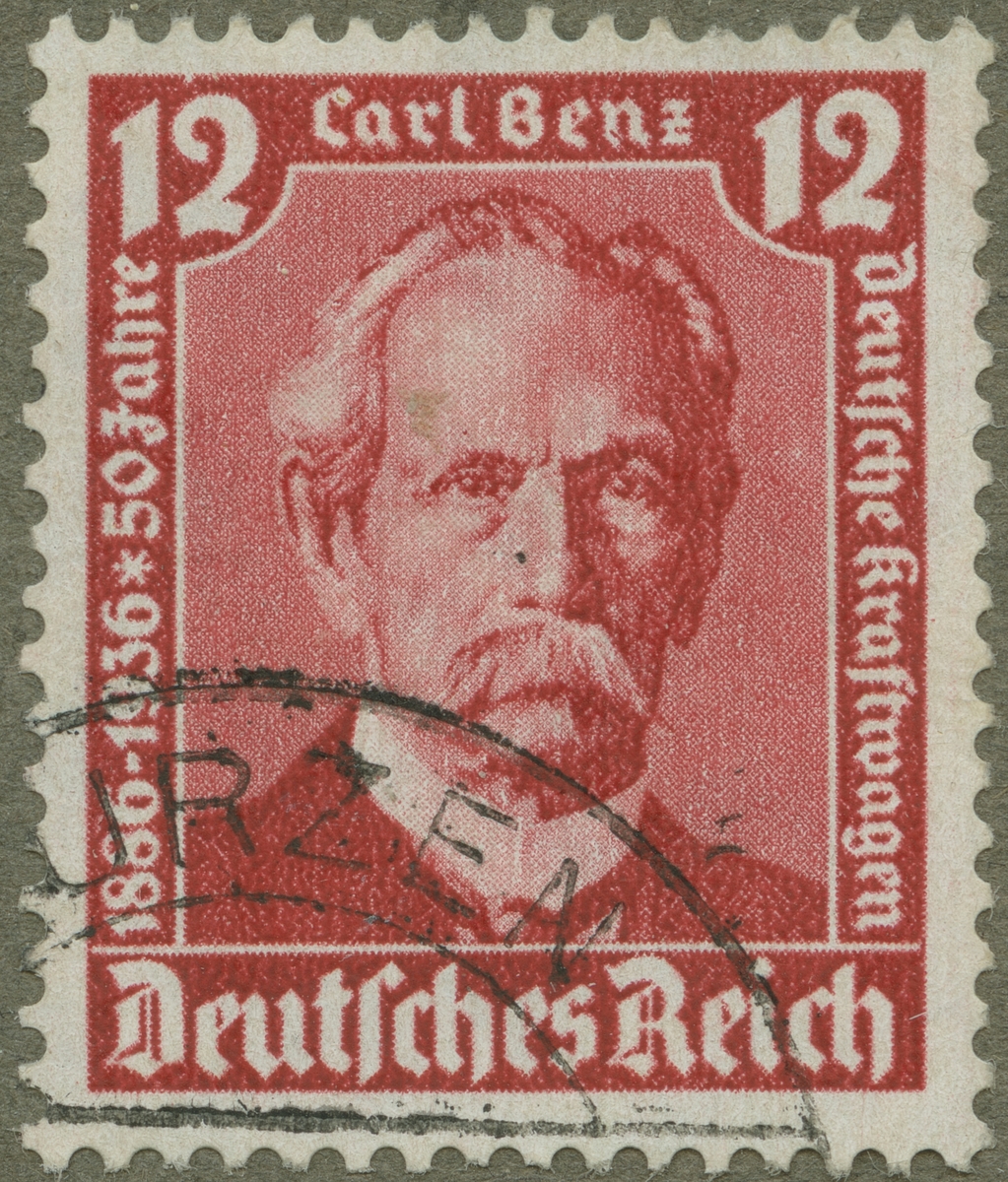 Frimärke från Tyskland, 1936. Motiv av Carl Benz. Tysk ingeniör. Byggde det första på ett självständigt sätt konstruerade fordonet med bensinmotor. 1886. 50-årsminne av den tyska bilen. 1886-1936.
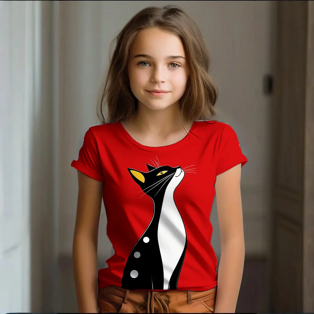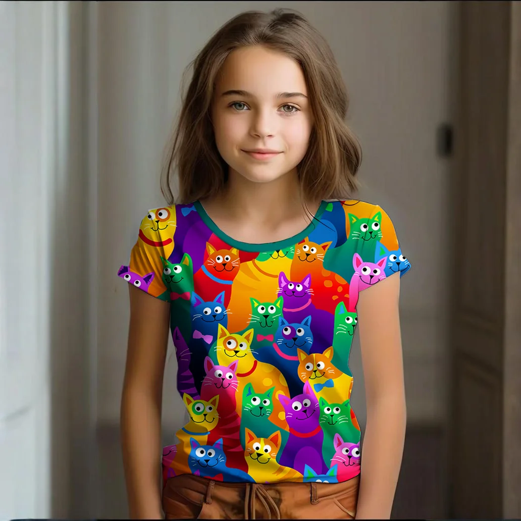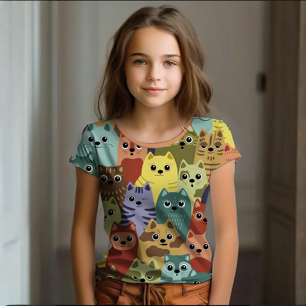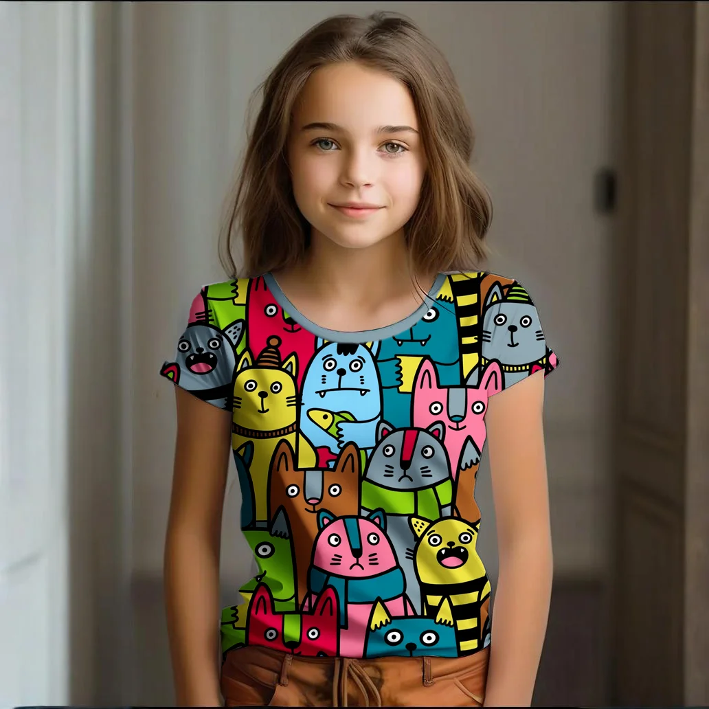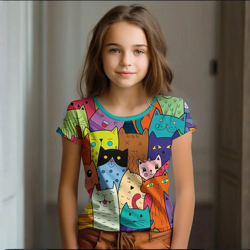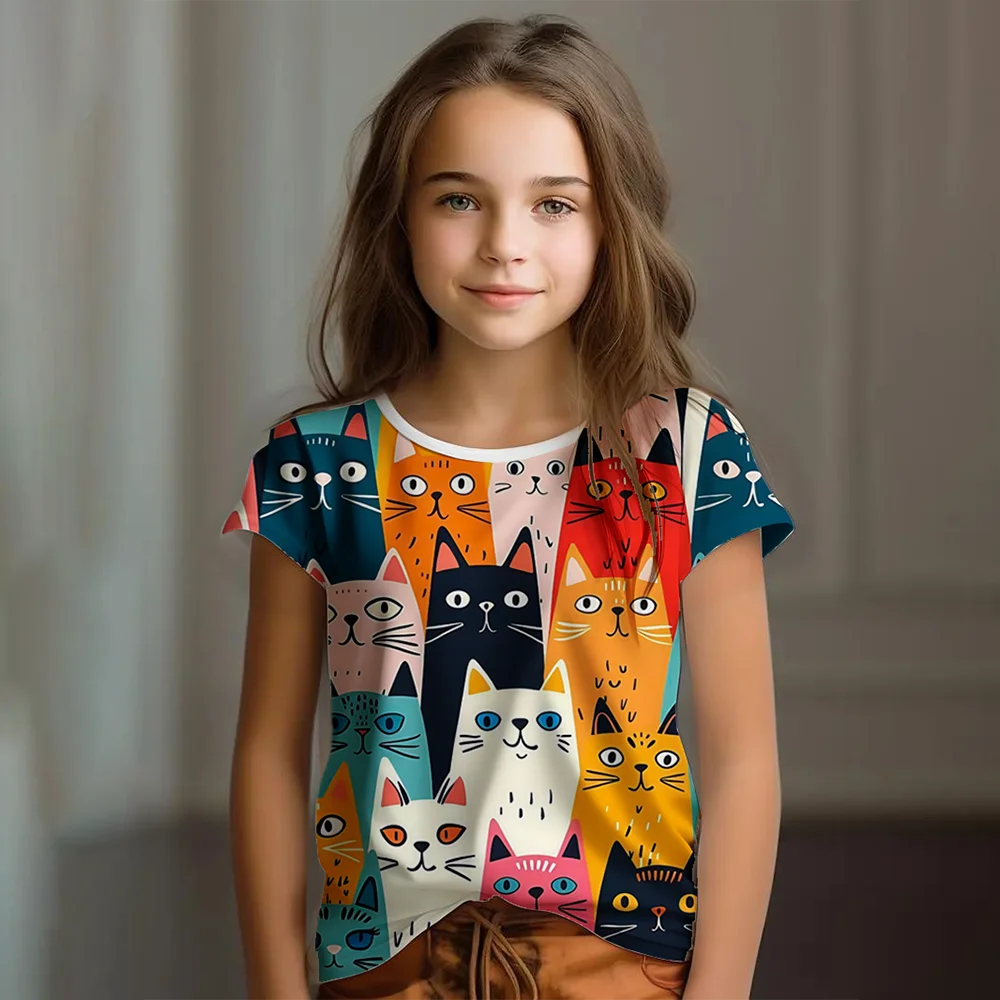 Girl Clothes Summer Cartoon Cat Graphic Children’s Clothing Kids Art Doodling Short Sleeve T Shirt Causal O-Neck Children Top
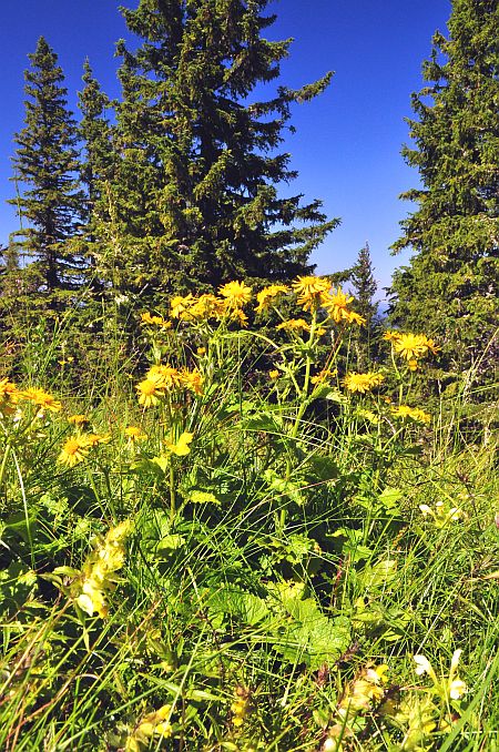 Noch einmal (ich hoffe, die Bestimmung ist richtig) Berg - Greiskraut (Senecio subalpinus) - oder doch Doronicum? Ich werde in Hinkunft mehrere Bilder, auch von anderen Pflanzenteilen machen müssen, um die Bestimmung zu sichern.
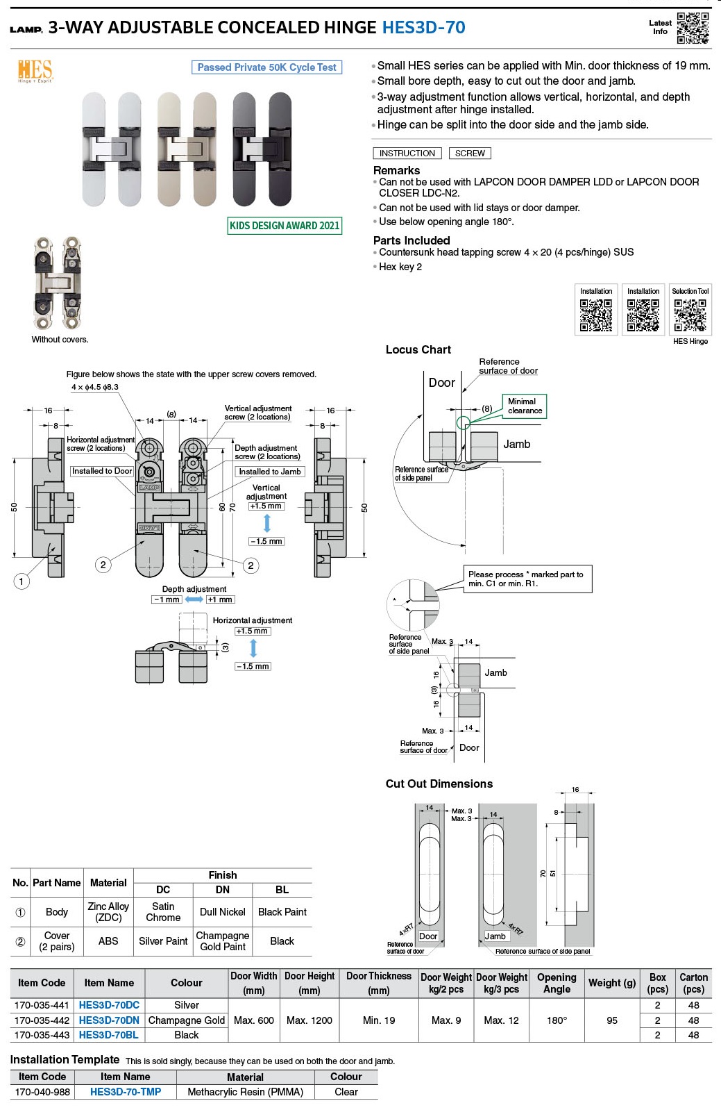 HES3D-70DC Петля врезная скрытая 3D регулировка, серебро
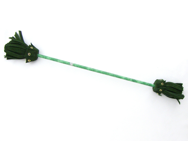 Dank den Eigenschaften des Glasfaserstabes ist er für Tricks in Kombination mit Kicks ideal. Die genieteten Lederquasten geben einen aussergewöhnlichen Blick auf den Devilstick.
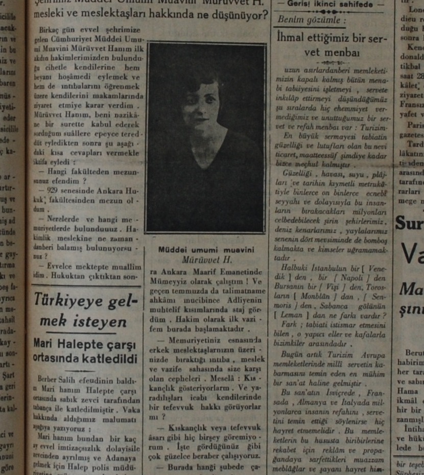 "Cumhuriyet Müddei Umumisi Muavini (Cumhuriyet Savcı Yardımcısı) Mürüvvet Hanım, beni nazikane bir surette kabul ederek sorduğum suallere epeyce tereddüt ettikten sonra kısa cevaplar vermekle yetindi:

● **Task to carry out**
Copy out exactly the lines between the line that contains "Girl Clothes Summer" and the last line of the records, both ends included; leave out every picture.

● **Solution to this exercise**
 Girl Clothes Summer Cartoon Cat Graphic Children’s Clothing Kids Art Doodling Short Sleeve T Shirt Causal O-Neck Children Top
 Noch einmal (ich hoffe, die Bestimmung ist richtig) Berg - Greiskraut (Senecio subalpinus) - oder doch Doronicum? Ich werde in Hinkunft mehrere Bilder, auch von anderen Pflanzenteilen machen müssen, um die Bestimmung zu sichern.
 HES3D-70DC Петля врезная скрытая 3D регулировка, серебро
 Dank den Eigenschaften des Glasfaserstabes ist er für Tricks in Kombination mit Kicks ideal. Die genieteten Lederquasten geben einen aussergewöhnlichen Blick auf den Devilstick.
 "Cumhuriyet Müddei Umumisi Muavini (Cumhuriyet Savcı Yardımcısı) Mürüvvet Hanım, beni nazikane bir surette kabul ederek sorduğum suallere epeyce tereddüt ettikten sonra kısa cevaplar vermekle yetindi:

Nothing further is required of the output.